第2話
(何だかんだ言っても、皆バレンタインに踊らされちゃってるんだよね…)
ま、人それぞれだし。イベントを楽しむのは全然構わないのだけど。
あまり良いイメージも思い出もない自分が、思わず冷めた目になってしまうのは仕方のないことだと思う。
「あ、雪乃おはよーっ!」
「おはよー」
教室へ入り、クラスメイト達と挨拶を交わしながら自分の席へと着くと、その横でも男子たちがチョコの話題で盛り上がっていた。

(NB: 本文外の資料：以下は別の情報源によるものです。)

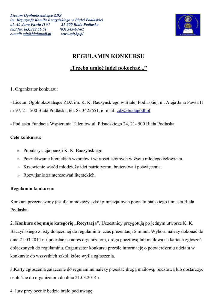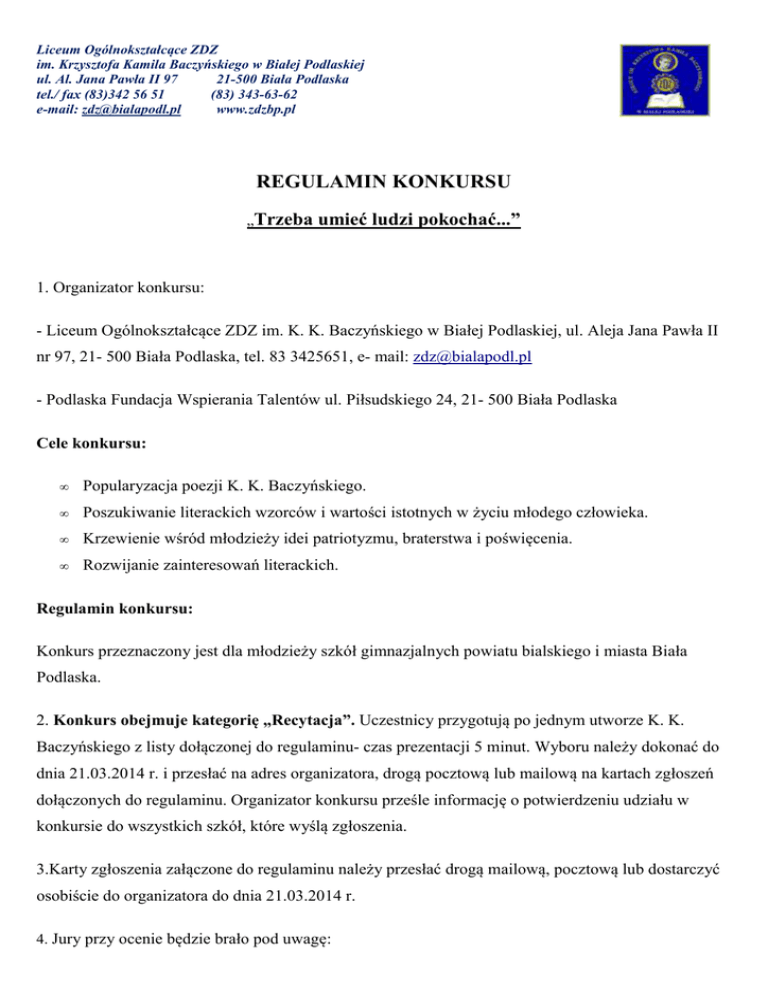 Liceum Ogólnokształcące ZDZ im. Krzysztofa Kamila Baczyńskiego w Białej Podlaskiej ul. Al. Jana Pawła II 97 21-500 Biała Podlaska tel./ fax (83)342 56 51 (83) 343-63-62 e-mail: [email protected] www.zdzbp.pl REGULAMIN KONKURSU „Trzeba umieć ludzi pokochać...” 1. Organizator konkursu: - Liceum Ogólnokształcące ZDZ im. K. K. Baczyńskiego w Białej Podlaskiej, ul. Aleja Jana Pawła II nr 97, 21- 500 Biała Podlaska, tel. 83 3425651, e- mail: [email protected] - Podlaska Fundacja Wspierania Talentów ul. Piłsudskiego 24, 21- 500 Biała Podlaska Cele konkursu: • Popularyzacja poezji K. K. Baczyńskiego. • Poszukiwanie literackich wzorców i wartości istotnych w życiu młodego człowieka. • Krzewienie wśród młodzieży idei patriotyzmu, braterstwa i poświęcenia. • Rozwijanie zainteresowań literackich. Regulamin konkursu: Konkurs przeznaczony jest dla młodzieży szkół gimnazjalnych powiatu bialskiego i miasta Biała Podlaska. 2. Konkurs obejmuje kategorię „Recytacja”. Uczestnicy przygotują po jednym utworze K. K. Baczyńskiego z listy dołączonej do regulaminu- czas prezentacji 5 minut. Wyboru należy dokonać do dnia 21.03.2014 r. i przesłać na adres organizatora, drogą pocztową lub mailową na kartach zgłoszeń dołączonych do regulaminu. Organizator konkursu prześle informację o potwierdzeniu udziału w konkursie do wszystkich szkół, które wyślą zgłoszenia. 3.Karty zgłoszenia załączone do regulaminu należy przesłać drogą mailową, pocztową lub dostarczyć osobiście do organizatora do dnia 21.03.2014 r. 4. Jury przy ocenie będzie brało pod uwagę: Liceum Ogólnokształcące ZDZ im. Krzysztofa Kamila Baczyńskiego w Białej Podlaskiej ul. Al. Jana Pawła II 97 21-500 Biała Podlaska tel./ fax (83)342 56 51 (83) 343-63-62 e-mail: [email protected] www.zdzbp.pl • • • • Interpretację tekstu Kulturę słowa Ogólny wyraz artystyczny Dobór treści Patronat konkursu obejmuje Dyrektor Zakładu Doskonalenia Zawodowego - mgr inż. Henryk Zacharuk. Koordynatorami konkursu odpowiedzialnymi za nadzór przebiegu konkursu oraz kontakt ze szkołami są: mgr Teresa Daniluk, mgr Grażyna Denicka, mgr Aneta Pawlik. Przebieg konkursu: 1. Konkurs odbędzie się 09.04.2014 r. o godzinie 11.00 w siedzibie organizatora w budynku szkoły przy ul. Al. Jana Pawła II 97 w Białej Podlaskiej. Uczestnicy konkursu powinni zgłosić swoje przybycie do organizatora. 2. Laureaci konkursu otrzymają pamiątkowe dyplomy, które wręczy Dyrektor Szkoły. 3. Nagrody: za I miejsce- cyfrowy aparat fotograficzny za II miejsce- odtwarzacz MP4 za III miejsce- kamera internetowa 4. Wszyscy uczestnicy konkursu otrzymają pamiątkowe dyplomy. 5. Szkoła w przypadku bardzo dużej liczby zgłoszeń przewiduje organizację konkursu na dwa dni. Liceum Ogólnokształcące ZDZ im. Krzysztofa Kamila Baczyńskiego w Białej Podlaskiej ul. Al. Jana Pawła II 97 21-500 Biała Podlaska tel./ fax (83)342 56 51 (83) 343-63-62 e-mail: [email protected] www.zdzbp.pl Załącznik nr 1 Lista utworów K. K. Baczyńskiego: • • • • • • • • • • • • • • • • • • • • • • • • • • • • • Niebo złote ci otworzę... Biała magia Pioseneczka Promienie Wróble Pragnienia Ten czas Z wiatrem Źródło Byłeś jak wielkie, stare drzewo Co jest we mnie Do matki Dwie miłości Dzieło dla rąk Miłość Pokolenie I Pokolenie II Rzeczy niepokój Trzeba umieć ludzi pokochać... Tych miłości Wyroki Z głową na karabinie Historia Których nam nikt nie wynagrodzi Młot Mój ty smutku cichy On w wielości stoi Z lasu Świętość Liceum Ogólnokształcące ZDZ im. Krzysztofa Kamila Baczyńskiego w Białej Podlaskiej ul. Al. Jana Pawła II 97 21-500 Biała Podlaska tel./ fax (83)342 56 51 (83) 343-63-62 e-mail: [email protected] www.zdzbp.pl KARTA ZGŁOSZENIA uczestnictwa w konkursie „Trzeba umieć ludzi pokochać...” ……………………………. pieczęć szkoły Nazwa szkoły: …................................................................................................................................. Adres szkoły: …................................................................................................................................... Imię i nazwisko uczestnika: ................................................................................................................. Imię i nazwisko opiekuna: ….............................................................................................................. Tytuł wybranego utworu: …............................................................................................................... Podpis opiekuna Podpis uczestnika …................................................... …................................................... Liceum Ogólnokształcące ZDZ im. Krzysztofa Kamila Baczyńskiego w Białej Podlaskiej ul. Al. Jana Pawła II 97 21-500 Biała Podlaska tel./ fax (83)342 56 51 (83) 343-63-62 e-mail: [email protected] www.zdzbp.pl Miejscowość i data wypełnienia:............................................................................
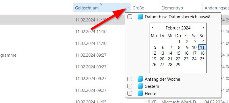 In den Details können Sie auch Filter setzen, um sich z.B. nur Dateien mit einem bestimmten Löschdatum anzeigen zu lassen. Klicken Sie dazu auf den Pfeil nach unten bei „gelöscht am“.
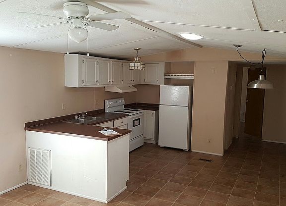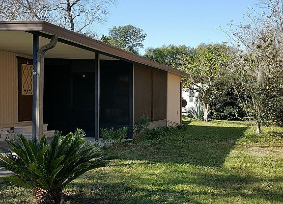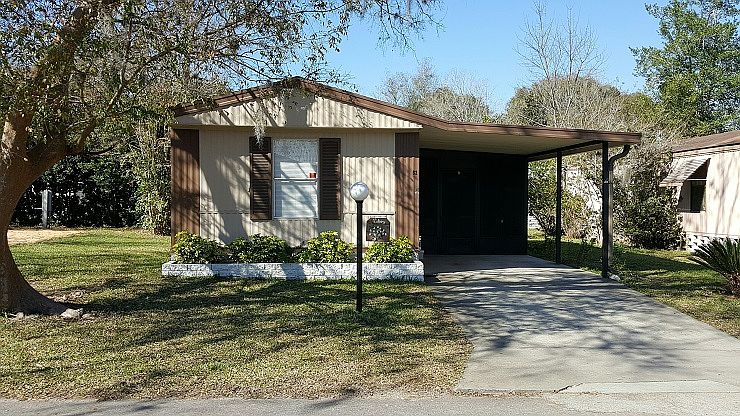 2 Bedrooms and 1 1/2 bathrooms. Includes Screened Porch, Carport, utility room. Mobile home park includes Clubhouse with fitness gym, billiards table, and other amenities as well as community swimming pool.
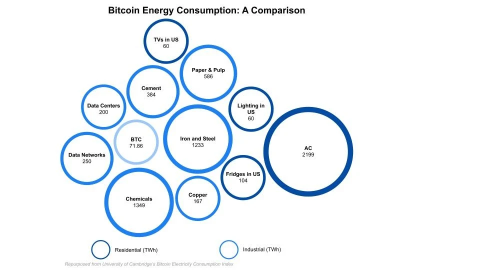 비트코인 채굴, 거래로 인해 드는 전기 소비량(71.86TWh)은 미국전체 티비, 전등 에너지량(60TWh)과 유사하다.
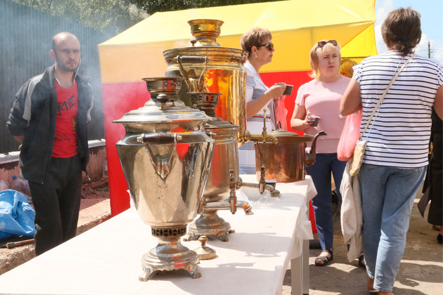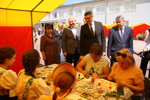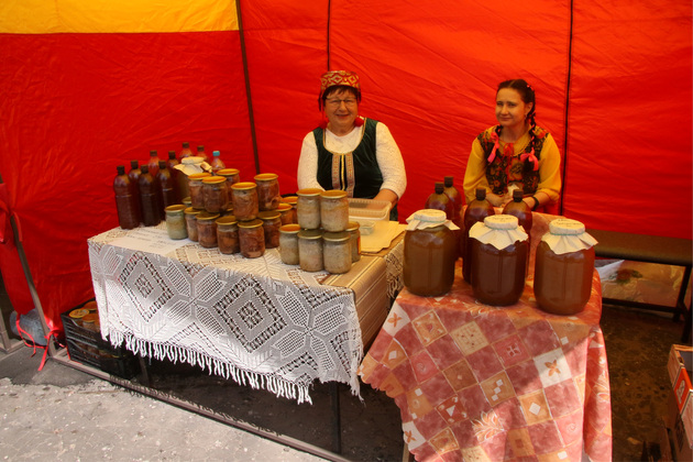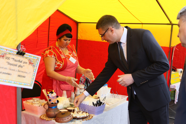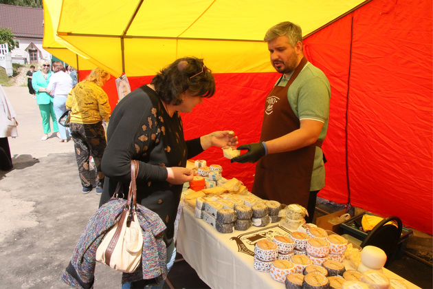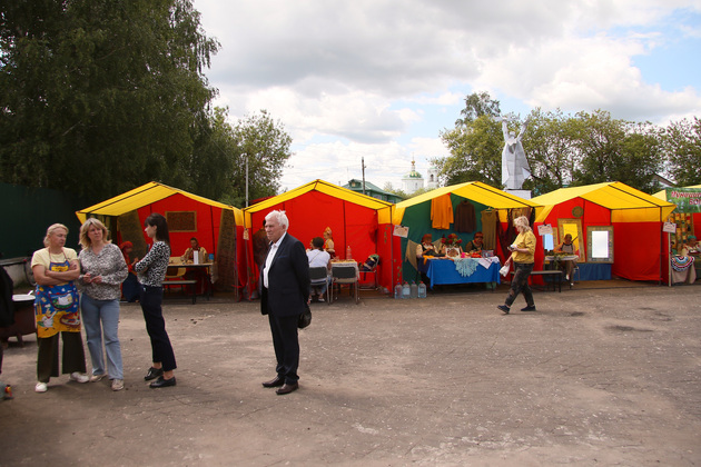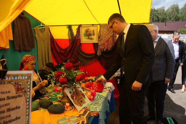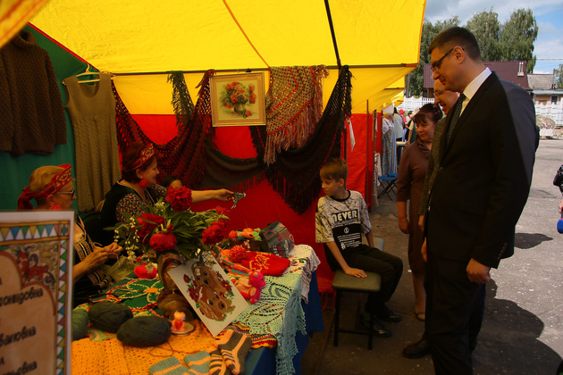 На площадке перед ДК развернулась ярмарка ремесел и фермерской продукции. Каждый мог попробовать ароматную уху, сыры местного производства, блинчики с вареньем, ознакомится с народными художественными промыслами Суздальского района. Губернатор Александр Авдеев и члены оргкомитета осмотрели ярмарку и продегустировали фермерскую продукцию.
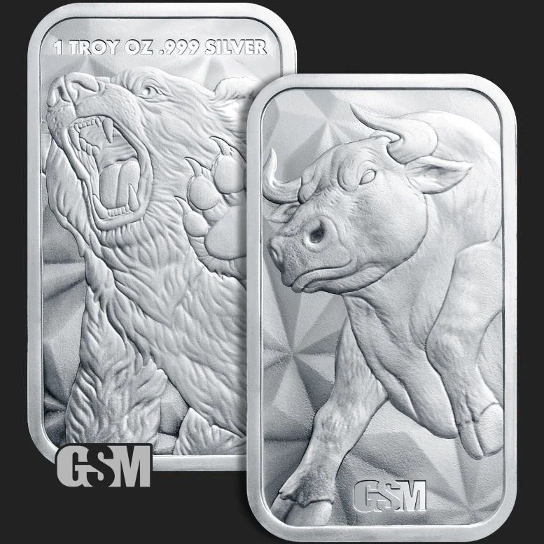Bull and Bear Market 1 oz Silver GSM Bar BU
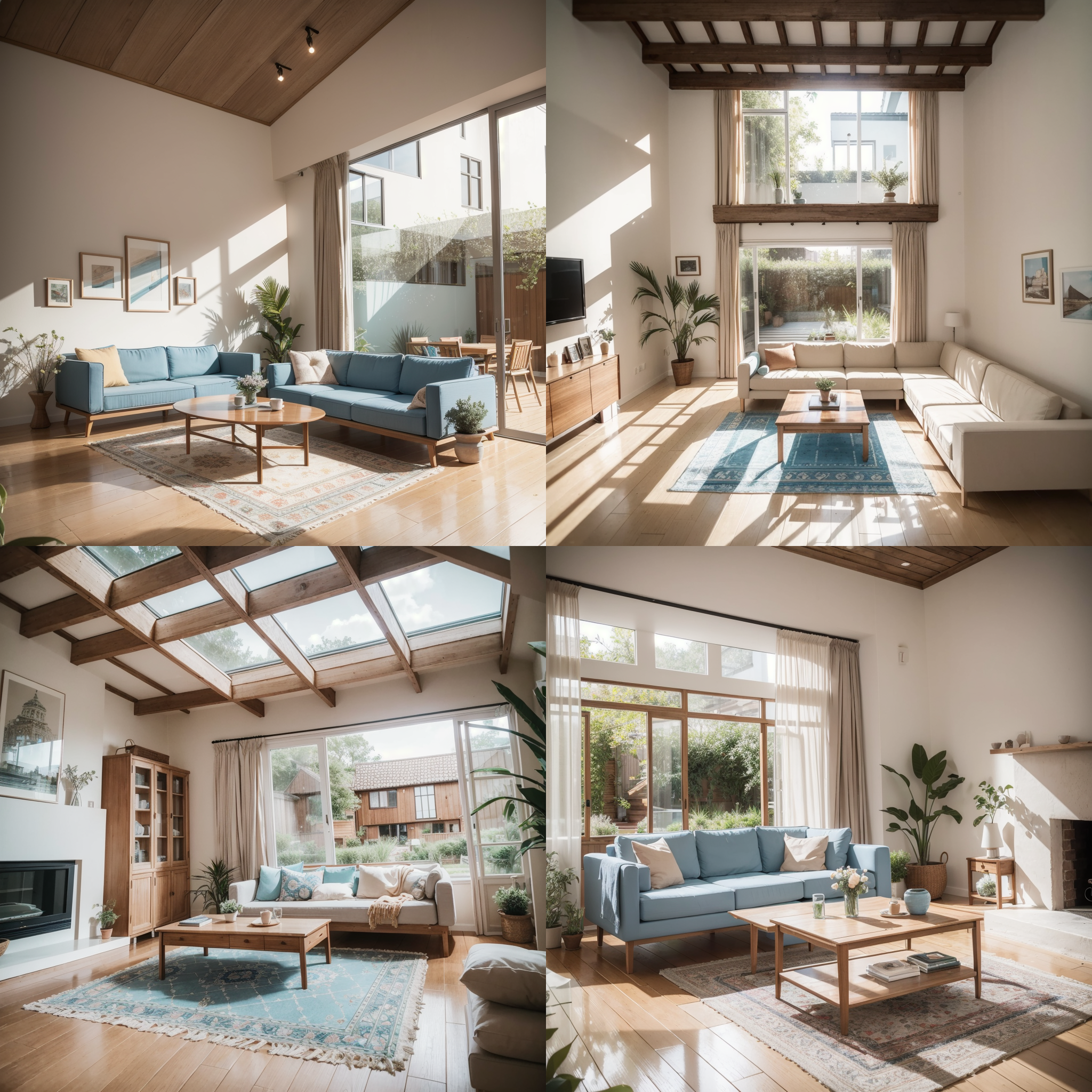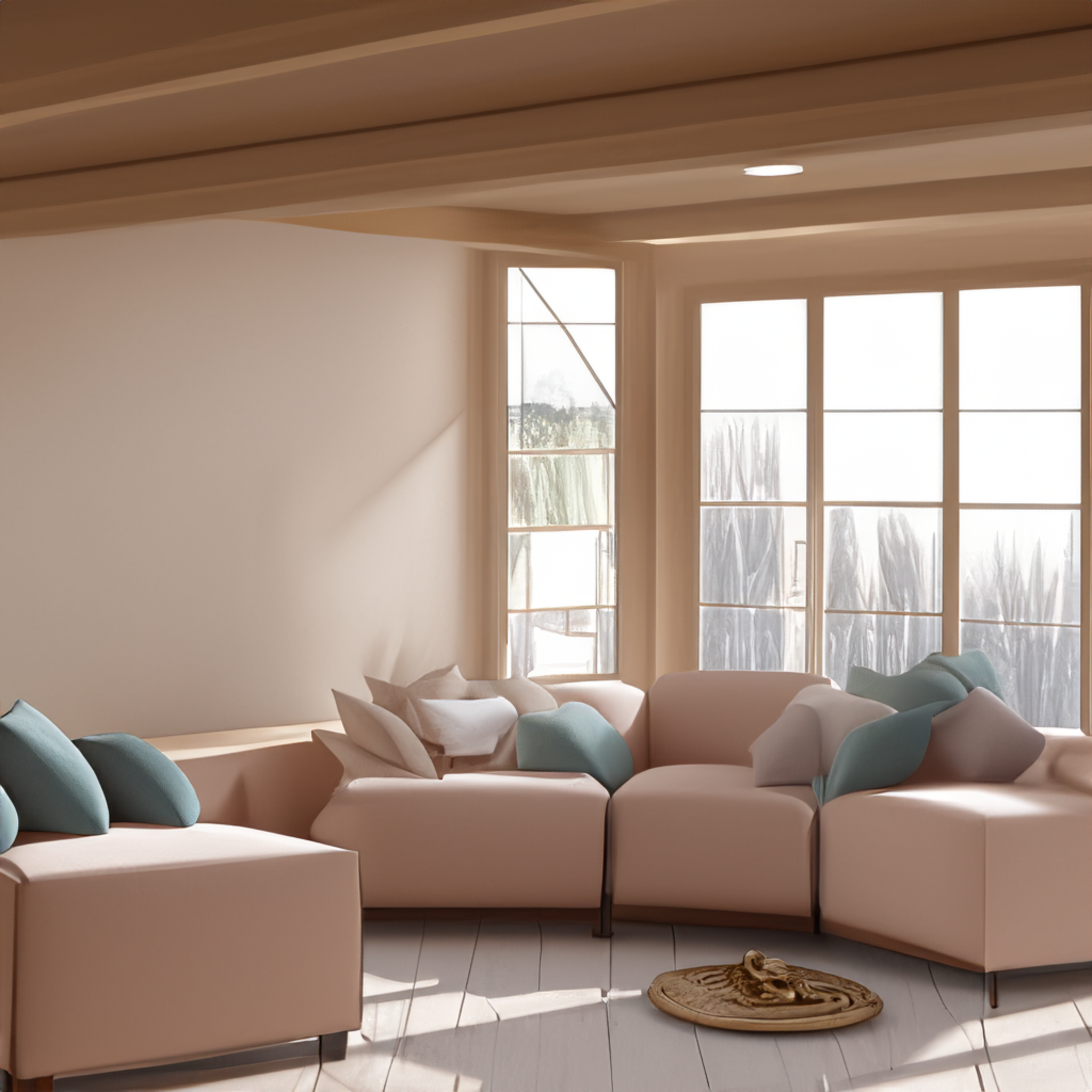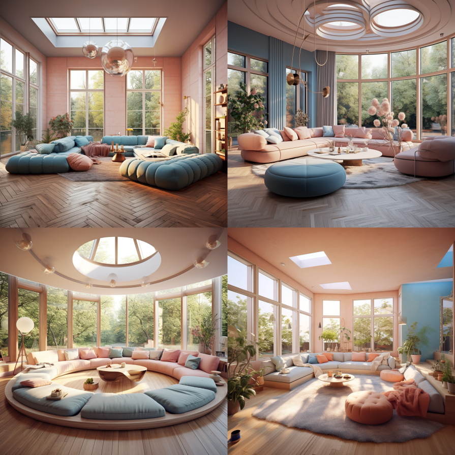 High resolution photography interior design, dreamy sunken living room conversation pit, wooden floor, small windows opening onto the garden, bauhaus furniture and decoration, high ceiling, beige blue salmon pastel palette, interior design magazine, cozy atmosphere; 8k, intricate detail, photorealistic, realistic light, wide angle, kinkfolk photography, A+D architecture
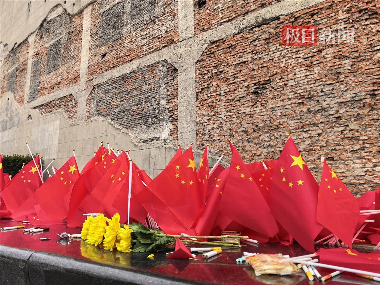 现场多名工作人员告诉极目新闻记者,这些手持小红旗和食物都是游客自发放置在此的,从假期前开始,便陆续有游客前来西墙边纪念。
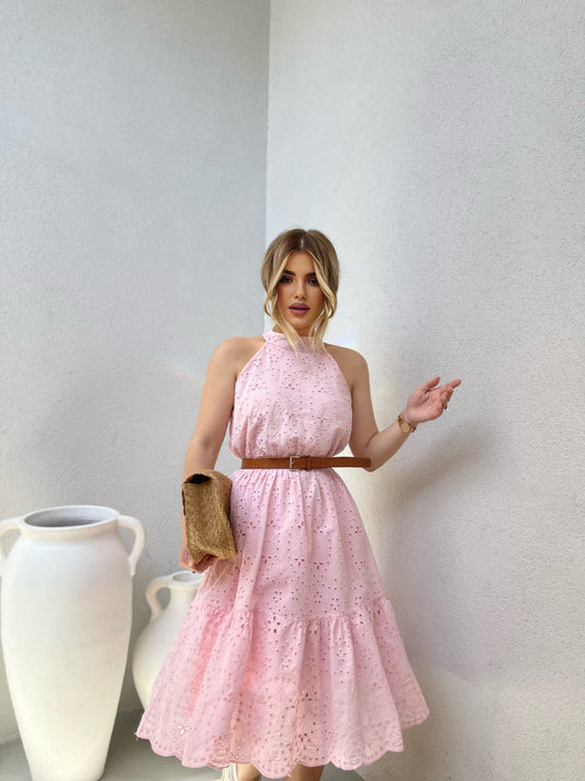 Fustan ne ngjyre roze te embel. Me llastik ne bel, gjatesia poshte gjurit. Mberthimi behet...
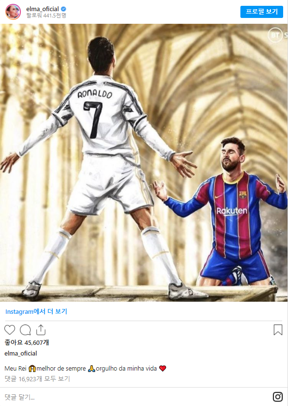 Elma는 "나의 왕. 올타임 레전드. 내 삶의 자랑"이라는 문구와 함께 메시가 호날두 앞에 무릎을 꿇은 사진을 게시했다.
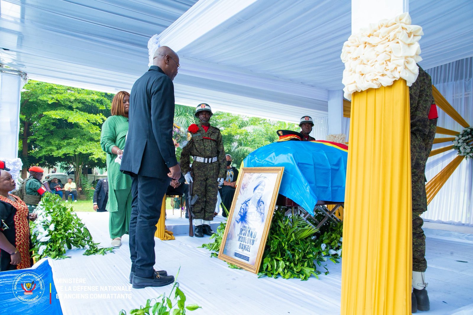 La cérémonie a réuni les plus hautes autorités du pays, témoignant de l’importance du défunt au sein de l’appareil sécuritaire national. Le Vice-Premier Ministre, Ministre de la Défense Nationale, Guy Kabombo Muadiamvita, représentait personnellement le Chef de l’État et Commandant suprême des FARDC, S.E. Félix Antoine Tshisekedi Tshilombo. Le deuxième Vice-président de l’Assemblée nationale, Christophe Mboso, ainsi qu’un important aréopage d’officiers généraux et supérieurs, ont également marqué de leur présence ce moment de recueillement national.

それを横目に、ぼんやりしていると突然声を掛けられる。
「よう、高山!今年のバレンタインは絶対お前に勝ってみせるからなっ」
同じクラスの植草が得意げに宣戦布告してきた。
植草とは中学時代からの同級生だ。向こうから何だかんだと声を掛けて来るので話しやすいし、それなりに仲は良いほうだ。
実を言うと幼稚園も一緒だったりするのだが、同じ組になったことはなかったし、幼児数の多い園だったので植草は多分私のことなんか知らないだろう。
(…っていうか、いつからバレンタインは勝負のイベントになったんだ!?だいたいチョコは数を競い合うようなものじゃないでしょうが!)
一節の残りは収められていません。